Social behavior may have varied between species. Worthy and colleagues argue that the discovery of thousands of bones in France could indicate that the European Palaelodus species may have lived in large flocks like modern flamingos. Species from Australia and New Zealand meanwhile may have been less social based on the fact that only few bones are known across multiple localities. This case is made partially in light of the palaelodid remains from New Zealand, where fossil ducks are found in abundance likely due to flocking behavior, yet the remains of phoenicopteriforms are rare.

===Paleoenvironment===
The genus is known to have inhabited saline and brackish lakes and was especially abundant in the Oligocene to Miocene sediments of Europe, where between two and four species may have coexisted. However, this great species diversity depends on whether or not M. goliath is found to nest within Palaelodus and whether or not Milne-Edwards species only represent a single taxon. In Neogene Australia Palaelodus species greatly profited from the availability of salt lakes in the Lake Eyre Basin, where the two recognized species shared their habitat with more derived species of flamingos such as Phoenicopterus novaehollandiae. The presence of juvenile specimens at the Australian lake deposits furthermore shows that these birds bred and nested in these localities.
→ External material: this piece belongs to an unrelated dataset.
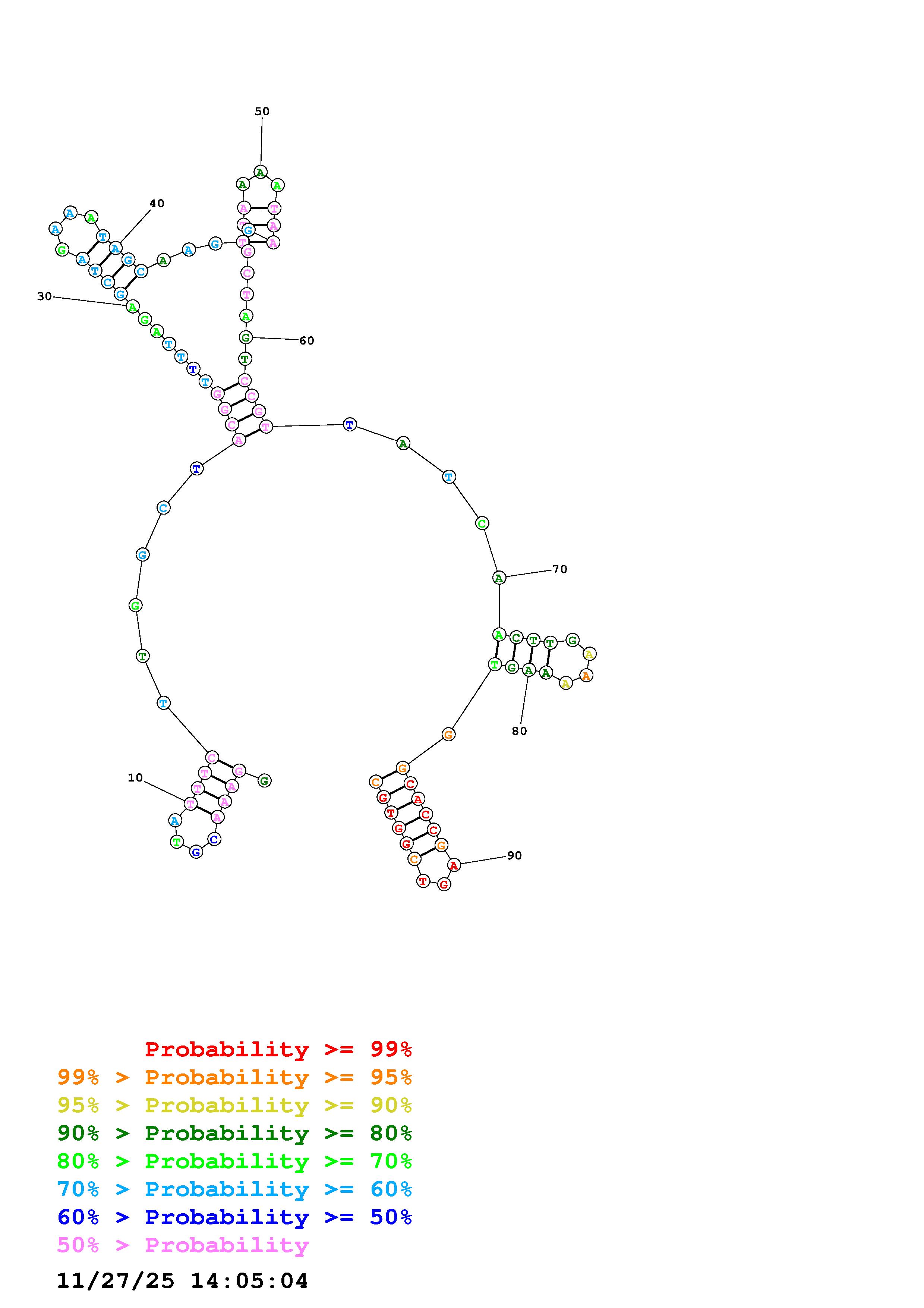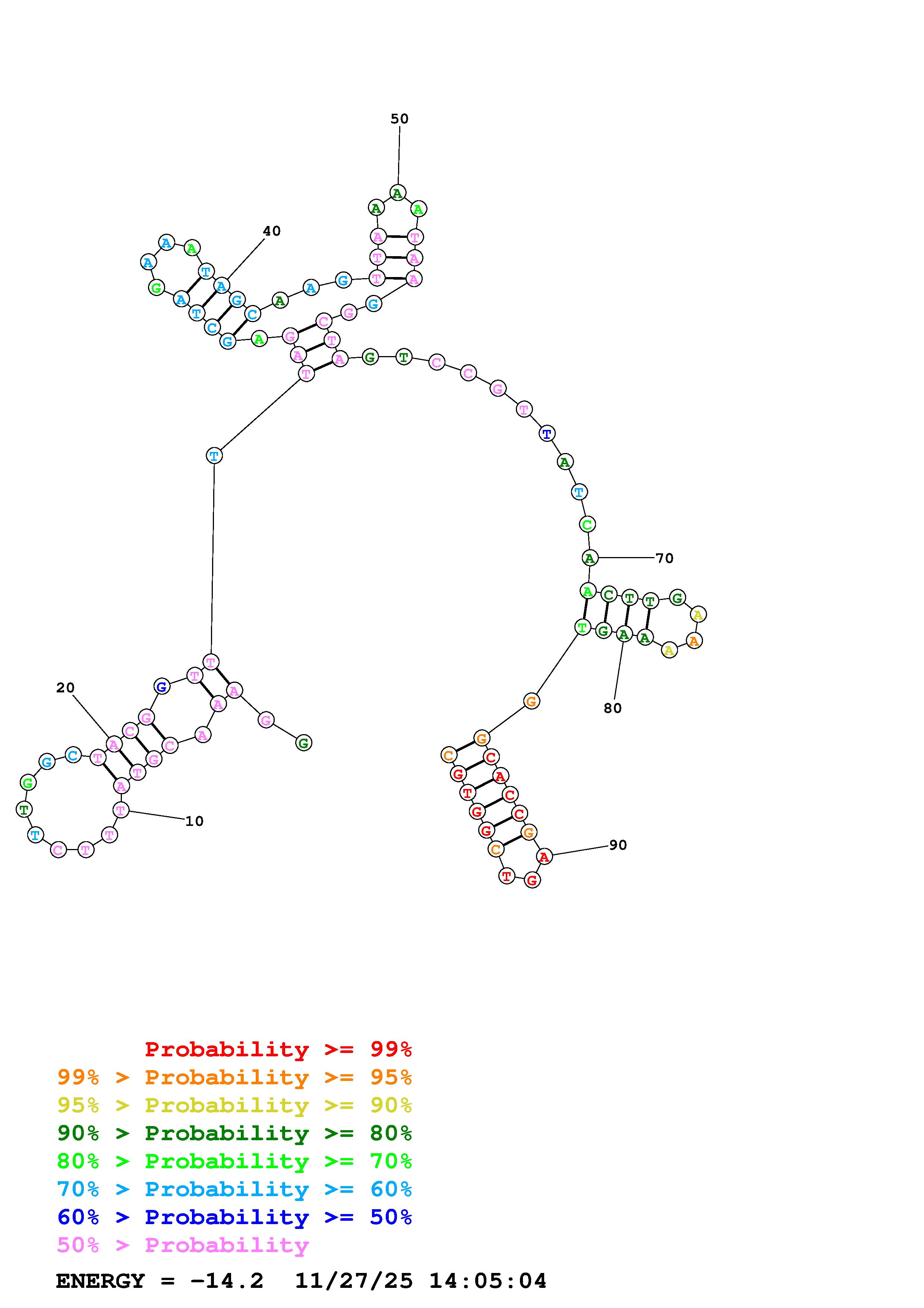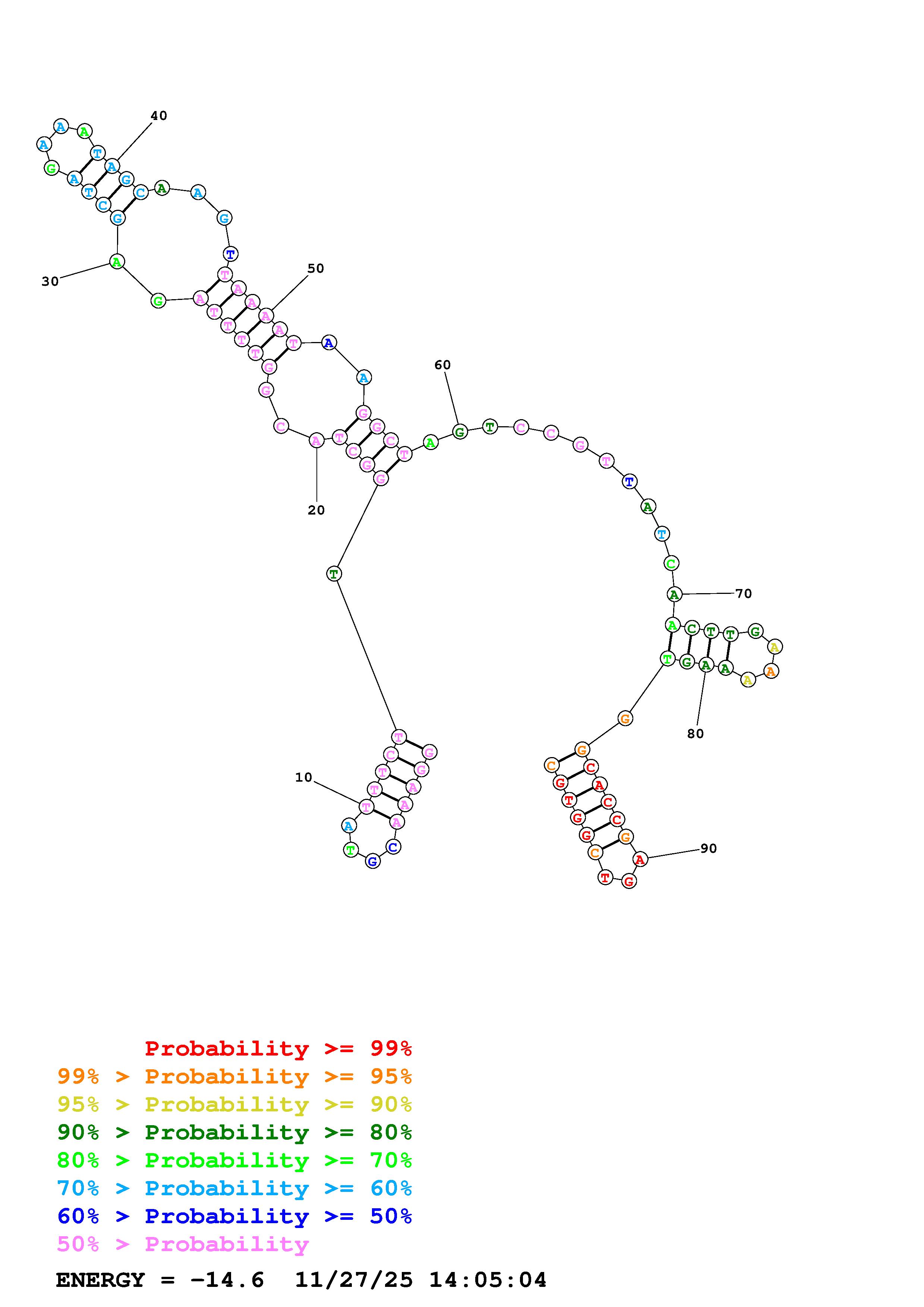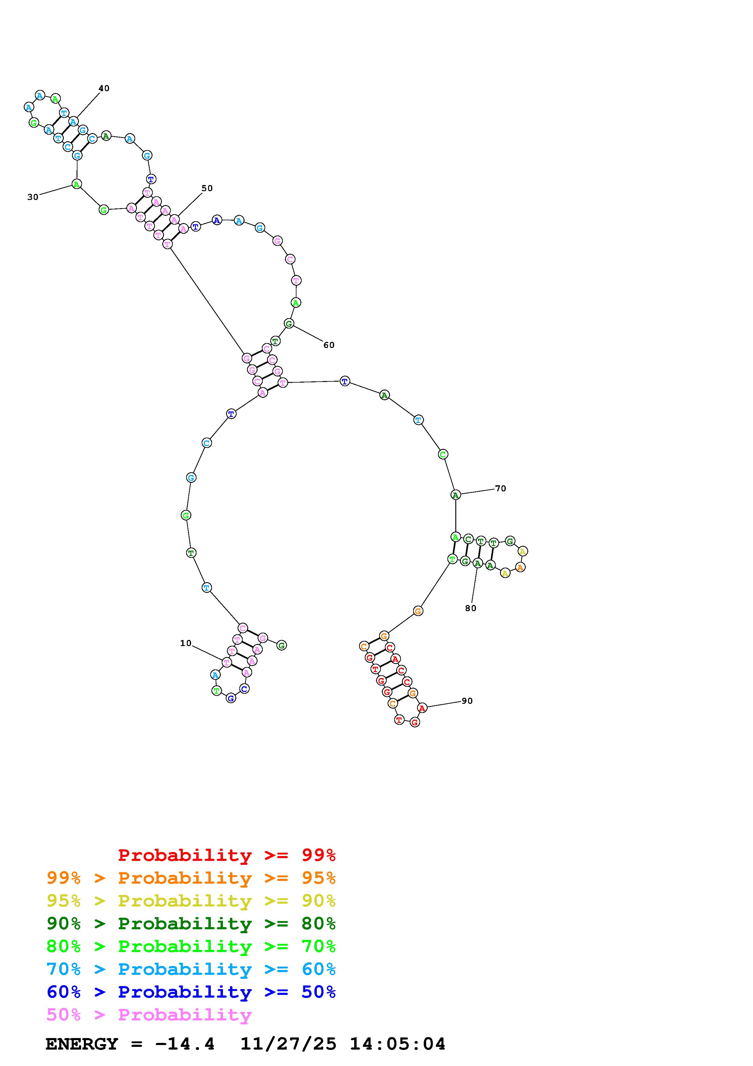 Fold Predict1.fasta Fold.ct --DNA --loop 30 --maximum 20 --percent 10 --temperature 310.15 --window 3

In New Zealand P. aotearoa was found in what is now the Bannockburn Formation, the sediments of the 5600 km2 paleo-Lake Manuherikia which was fed by a river delta. The avifauna of this lake was dominated by anseriforms, but also featured other birds associated with bodies of water like wading birs, cranes, rails, tubenoses, herons and gulls. Several factors indicate that the environment P. aotearoa was deposited in was heavily affected by wave activity and currents within the lake. The environment that preserves the remains of P. haroldocontii in Argentina has been interpreted as a river system featuring floodplains and lagoons as well as an ephemeral lake, matching the types of biomes inhabited by other species of this genus.

The extinction of Palaelodus may be locally related to the disappearance of the aforementioned salt lakes, as evidenced by the fate of the Australian palaelodids and crown flamingos after the drying of Central Australia's lakes and possibly the extinction of Palaelodus in Argentina following an arid pulse known as the "Age of Austral Plains".